文献检索，用中文搜 PubMed

IMPORTANCE

Mammography screening currently relies on subjective human interpretation. Artificial intelligence (AI) advances could be used to increase mammography screening accuracy by reducing missed cancers and false positives.

OBJECTIVE

To evaluate whether AI can overcome human mammography interpretation limitations with a rigorous, unbiased evaluation of machine learning algorithms.
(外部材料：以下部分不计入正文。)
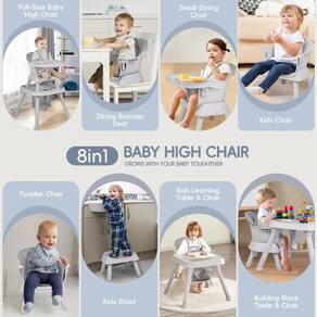 - ?? - ????? ? Alternar facilmente entre 8 modos versáteis: cadeira alta de tamanho completo, assento elevatório de jantar, cadeira de jantar pequena, cadeira de criança, cadeira infantil, banquinho infantil, mesa e cadeira de aprendizagem infantil e mesa e cadeira de blocos de construção. Projetado para crescer com seu filho desde a infância até a infância.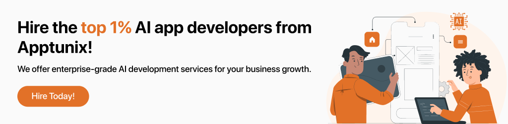 Apptunix, a top-notch enterprise-grade AI app development company, supports businesses through every stage of this shift. Our AI app development services help companies build AI features that are ready for real operations. Apptunix gives you the structure and guidance needed to move forward with confidence.
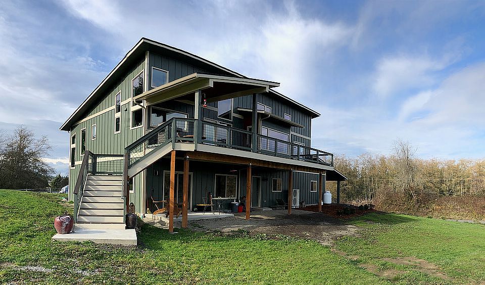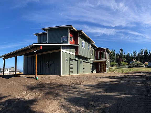 Modern two-story with guest bed and bath and second bedroom on ground floor; kitchen, great room, office, primary bedroom suite and laundry room on top floor. Three garage bays. Architect-designed to maximize the east-facing view of Puget Sound and the Cascade Mountains. Rooftop solar generates as much power as the house uses each year. Heat pump heating and cooling through ductless units; Very efficient heat pump hot water heater.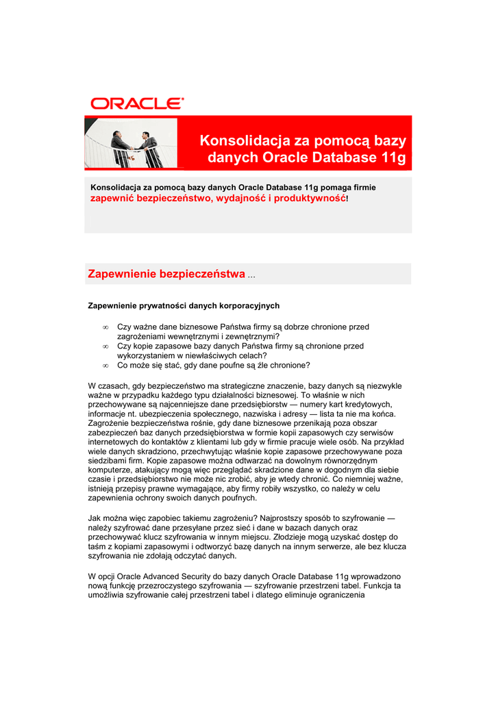 Konsolidacja za pomocą bazy danych Oracle Database 11g Konsolidacja za pomocą bazy danych Oracle Database 11g pomaga firmie zapewnić bezpieczeństwo, wydajność i produktywność! Zapewnienie bezpieczeństwa … Zapewnienie prywatności danych korporacyjnych • • • Czy waŜne dane biznesowe Państwa firmy są dobrze chronione przed zagroŜeniami wewnętrznymi i zewnętrznymi? Czy kopie zapasowe bazy danych Państwa firmy są chronione przed wykorzystaniem w niewłaściwych celach? Co moŜe się stać, gdy dane poufne są źle chronione? W czasach, gdy bezpieczeństwo ma strategiczne znaczenie, bazy danych są niezwykle waŜne w przypadku kaŜdego typu działalności biznesowej. To właśnie w nich przechowywane są najcenniejsze dane przedsiębiorstw ― numery kart kredytowych, informacje nt. ubezpieczenia społecznego, nazwiska i adresy ― lista ta nie ma końca. ZagroŜenie bezpieczeństwa rośnie, gdy dane biznesowe przenikają poza obszar zabezpieczeń baz danych przedsiębiorstwa w formie kopii zapasowych czy serwisów internetowych do kontaktów z klientami lub gdy w firmie pracuje wiele osób. Na przykład wiele danych skradziono, przechwytując właśnie kopie zapasowe przechowywane poza siedzibami firm. Kopie zapasowe moŜna odtwarzać na dowolnym równorzędnym komputerze, atakujący mogą więc przeglądać skradzione dane w dogodnym dla siebie czasie i przedsiębiorstwo nie moŜe nic zrobić, aby je wtedy chronić. Co niemniej waŜne, istnieją przepisy prawne wymagające, aby firmy robiły wszystko, co naleŜy w celu zapewnienia ochrony swoich danych poufnych. Jak moŜna więc zapobiec takiemu zagroŜeniu? Najprostszy sposób to szyfrowanie ― naleŜy szyfrować dane przesyłane przez sieć i dane w bazach danych oraz przechowywać klucz szyfrowania w innym miejscu. Złodzieje mogą uzyskać dostęp do taśm z kopiami zapasowymi i odtworzyć bazę danych na innym serwerze, ale bez klucza szyfrowania nie zdołają odczytać danych. W opcji Oracle Advanced Security do bazy danych Oracle Database 11g wprowadzono nową funkcję przezroczystego szyfrowania ― szyfrowanie przestrzeni tabel. Funkcja ta umoŜliwia szyfrowanie całej przestrzeni tabel i dlatego eliminuje ograniczenia skanowania częściowego (range scan) oraz klucza obcego typowe dla szyfrowania na poziomie kolumn. Tworzona jest nowa, szyfrowana przestrzeń tabel i dane (tabele oraz indeksy) są zapisywane w tej przestrzeni w postaci zaszyfrowanej. Opcja Advanced Security to tylko jedna z opcji zabezpieczeń oferowanych przez firmę Oracle. Zapewnianie wydajności … Automatyczne diagnozowanie wydajności • • • Czy Państwa firma chce, aby administratorzy bazy danych mieli więcej czasu na projekty strategiczne? Czy Państwa firma chce szybciej identyfikować główne przyczyny problemów z wydajnością i dostępnością? Czy pomogłoby, gdyby administratorzy bazy danych w Państwa firmie mogli identyfikować przyczynę problemów z wydajnością, spoglądając po prostu na jeden ekran? Diagnozowanie systemu działającego ze zbyt małą wydajnością to zadanie czasochłonne, często owiane mitami i legendami, z których niewiele jest opartych na faktach. Obecnie istnieje wiele narzędzi do dostrajania oferowanych przez innych producentów, ale tylko niewiele z tych narzędzi moŜe pomóc w udzieleniu odpowiedzi na pytania typu „Jak moŜna maksymalnie udoskonalić system?” lub „Dlaczego system działa dziś wolniej niŜ tydzień temu?”. Większość produktów wyświetla po prostu nieprzetworzone statystyki bazy danych w postaci graficznej, pozostawiając uŜytkownikom samodzielne określenie podstawowej przyczyny poprzez szczegółową analizę duŜych ilości takich nieprzetworzonych danych. Zadanie to moŜe się okazać złoŜone i Ŝmudne, nawet jeśli dysponuje się najlepszymi narzędziami. Pakiet Oracle Diagnostics Pack 11g zawiera moduł automatycznego diagnozowania wbudowywany bezpośrednio w jądro bazy danych Oracle Database 11g, tzw. Automatic Database Diagnostic Monitor (ADDM). Jest to wyjątkowo innowacyjne, pierwsze aŜ tak wydajne rozwiązanie do automatycznego diagnozowania. UmoŜliwia ono bazie danych automatyczne diagnozowanie jej problemów wydajnościowych, tym samym zwalniając całkowicie administratorów z zajmowania się tym złoŜonym i Ŝmudnym zadaniem. Proces automatycznego dostrajania aplikacji • • Czy administratorzy bazy danych w Państwa firmie spędzają zbyt wiele czasu na dostrajaniu aplikacji, gdyŜ ich wydajność jest zbyt niska? Czy podczas uŜytkowania aplikacji Państwa firma odczuwa niską wydajność obsługi zapytań SQL i czy Państwa firma potrzebuje rozwiązania „działającego wprost”? Dla administratorów baz danych i programistów opracowujących aplikacje dostrajanie aplikacji jest zadaniem o znaczeniu krytycznym ― na realizację tej bardzo waŜnej funkcji poświęcają znaczną ilość czasu. Źle dostrojona aplikacja biznesowa moŜe mieć niekorzystny wpływ nie tylko na działanie kilku uŜytkowników, ale całej firmy. Z tego powodu przedsiębiorstwa inwestują znaczne środki w zapewnienie płynnego działania aplikacji waŜnych dla swojej działalności biznesowej. Pakiet Oracle Tuning Pack wchodzący w skład zestawu produktów bazy danych Oracle Database 11g oferuje wyjątkowo ekonomiczne i łatwe w obsłudze rozwiązanie, które automatyzuje cały proces dostrajania aplikacji. Wzrost wydajności instrukcji SQL osiąga się poprzez monitorowanie w czasie rzeczywistym oraz dzięki modułom SQL Advisor, które moŜna bezproblemowo zintegrować z narzędziem Enterprise Manager. Razem narzędzia te stanowią kompleksowe rozwiązanie do automatyzacji złoŜonego i czasochłonnego zadania, jakim jest dostrajanie aplikacji. Zapewnianie produktywności … Zapewnianie maksymalnej wydajności i maksymalnego wykorzystania platform sprzętowych • • • • • • Czy Państwa firma chciałaby zwiększyć wykorzystanie swoich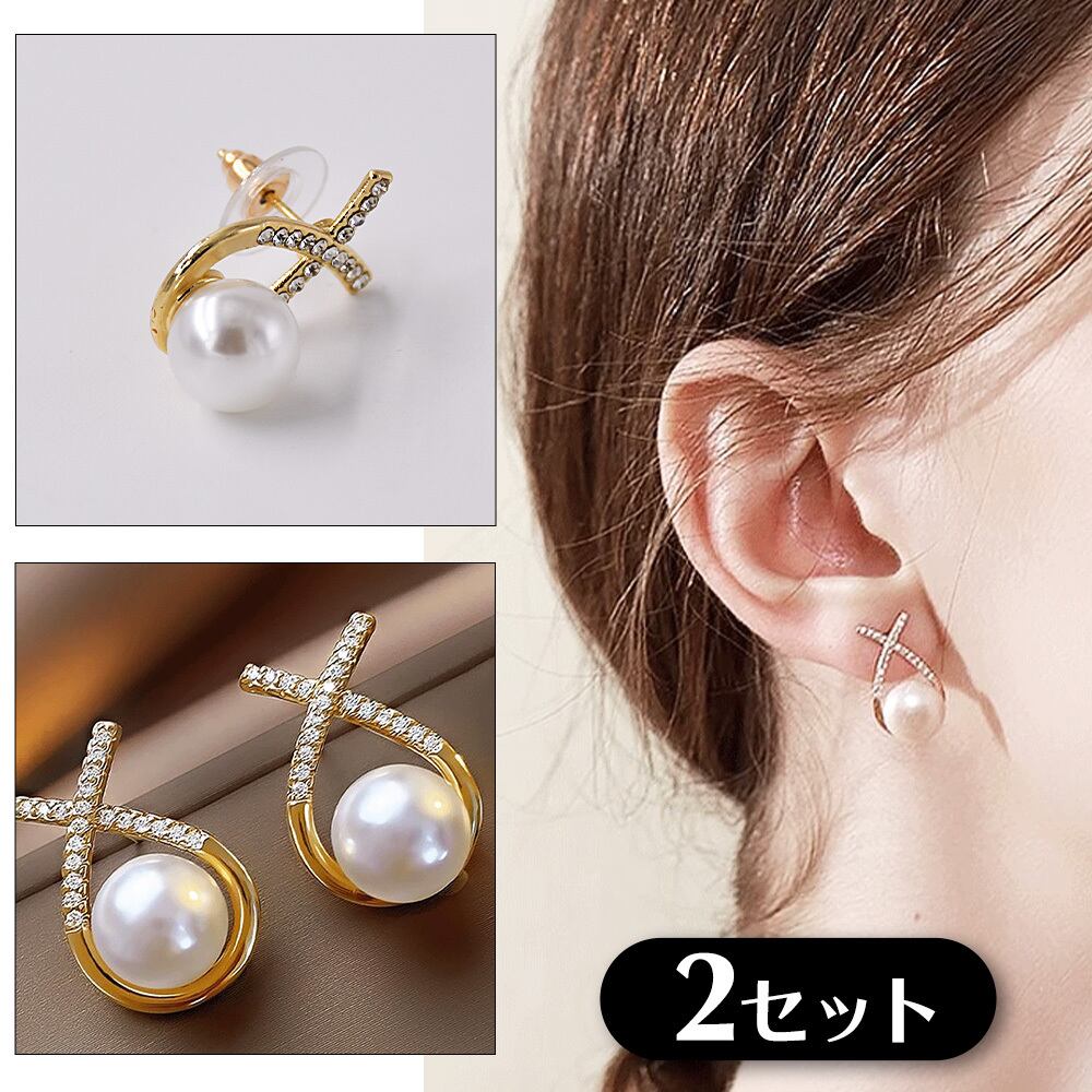 2セット スタッドピアス パール ラインストーン キャッチ式 ホワイト 白 ゴールド 金色 華やか 結婚披露宴 ギフト 韓国 両耳セット 2個1組 シンプル レディース アクセサリー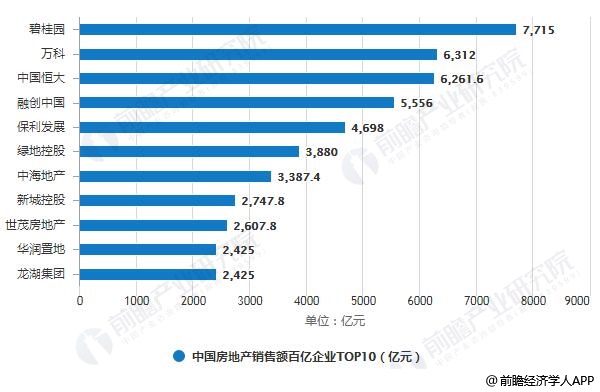2019年中国房地产销售额百亿企业TOP10统计情况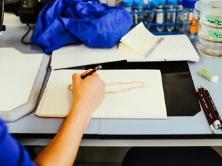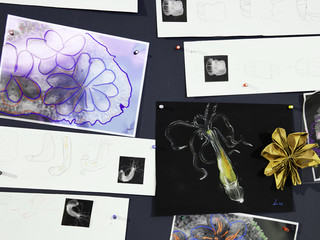 Così, disegni, opere in vetro e in ceramica e dipinti testimoniano questa ricerca che associa il Laboratorio di Biologia dello Sviluppo di Villefranche-sur-Mer con l'Istituto del Mare di Villefranche e l'Istituto per la ricerca sul cancro e l'invecchiamento di Nizza.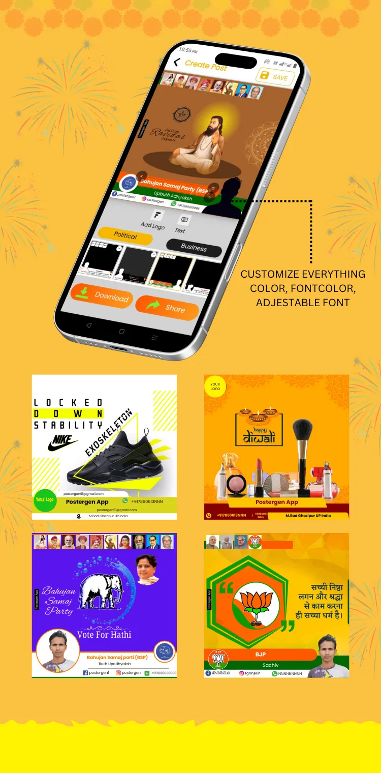 Postergen Political poster maker or political poster app can help individuals and platform create professional-looking poster maker & banner maker for political campaigns or doing Poster prachar in your with saral festival poster. Postergen political post से आप आसानी से किसी भी उद्देश्य के लिए सुंदर पोस्टर डिजाइन कर सकते हैं। पोस्टर ऐप में कई विशेषताएं हैं जिससे आप रोजाना लगने वाले पोस्ट जैसे Festival, Jayanti, Sports, Foundation Day, Business, Devotional, and Other Poster & Banner के साथ राजनैतिक पोस्ट भी बना सकते है | पोस्टर App आपकी Post बनाने में मदद करता है चाहे Political हो Festival, BJP or मोदी के पोस्टर से लेकर राहुल गांधी के पोस्टर तक, इस ऐप में सब कुछ है। App को नए डिजाइनों के साथ लगातार अपडेट किया जाता है Postergen Poster App पर आपको हर तरह के डिजाईन टेम्पलेट मिलते है जैसे -...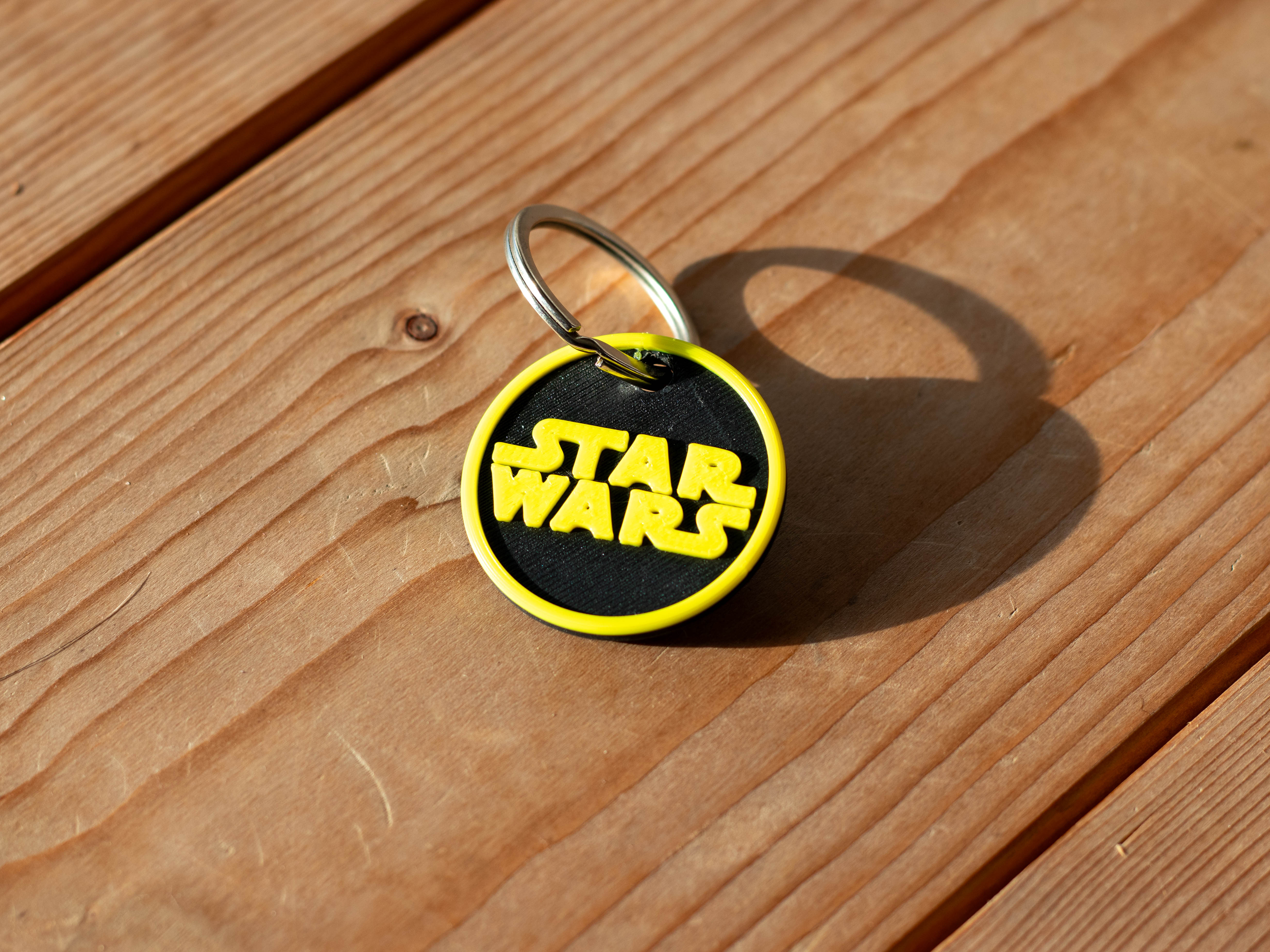 Móc khóa logo Star Wars kiểu đơn giản, in được cả khi có hoặc không có máy in multicolor/AMS. Nếu không dùng AMS, profile đã cài Pause ở 3.2mm để thay filament rồi tiếp tục in.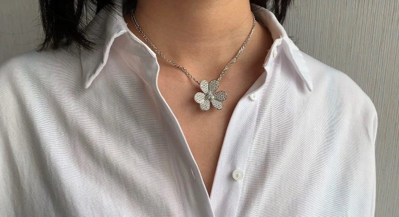 Frivole其實在2003年才正式成為Van Cleef & Arpels固定系列作品,以三片愛心形狀花瓣組出一朵金屬立體小花,花朵則以同樣尺寸或是或大或小排列,中央花蕾就用一或三顆鑽石(顏色D至F級,淨度IF至VVS級)來替代,其抽象樣貌,讓花卉這項不斷被用來做為設計的題材,更顯得時髦且符合現代穿搭需求。作品有鋪鑲鑽石或全金屬面,兩種不同詮釋花瓣的版本,全金屬面的金屬亮度實際的視覺效果相當令人驚艷—是梵克雅寶在1920年代就啟用的鏡面拋光技術,這項金屬拋光工藝讓光源看起來既溫潤又動感十足。若是鑲鑽版本,其鑲座皆以鏤雕方式處理,確保光線能靈活穿透寶石。

DESIGN, SETTING, AND PARTICIPANTS: In this diagnostic accuracy study conducted between September 2016 and November 2017, an international, crowdsourced challenge was hosted to foster AI algorithm development focused on interpreting screening mammography. More than 1100 participants comprising 126 teams from 44 countries participated. Analysis began November 18, 2016.

MAIN OUTCOMES AND MEASUREMENTS

Algorithms used images alone (challenge 1) or combined images, previous examinations (if available), and clinical and demographic risk factor data (challenge 2) and output a score that translated to cancer yes/no within 12 months. Algorithm accuracy for breast cancer detection was evaluated using area under the curve and algorithm specificity compared with radiologists' specificity with radiologists' sensitivity set at 85.9% (United States) and 83.9% (Sweden). An ensemble method aggregating top-performing AI algorithms and radiologists' recall assessment was developed and evaluated.

RESULTS

Overall, 144 231 screening mammograms from 85 580 US women (952 cancer positive ≤12 months from screening) were used for algorithm training and validation. A second independent validation cohort included 166 578 examinations from 68 008 Swedish women (780 cancer positive). The top-performing algorithm achieved an area under the curve of 0.858 (United States) and 0.903 (Sweden) and 66.2% (United States) and 81.2% (Sweden) specificity at the radiologists' sensitivity, lower than community-practice radiologists' specificity of 90.5% (United States) and 98.5% (Sweden). Combining top-performing algorithms and US radiologist assessments resulted in a higher area under the curve of 0.942 and achieved a significantly improved specificity (92.0%) at the same sensitivity.

CONCLUSIONS AND RELEVANCE

While no single AI algorithm outperformed radiologists, an ensemble of AI algorithms combined with radiologist assessment in a single-reader screening environment improved overall accuracy. This study underscores the potential of using machine learning methods for enhancing mammography screening interpretation.

重要性

乳腺 X 线摄影筛查目前依赖于主观的人工解释。人工智能（AI）的进步可以通过减少漏诊的癌症和假阳性来提高乳腺 X 线摄影筛查的准确性。

目的

通过对机器学习算法进行严格的、无偏的评估，评估 AI 是否可以克服人类乳腺 X 线摄影解释的局限性。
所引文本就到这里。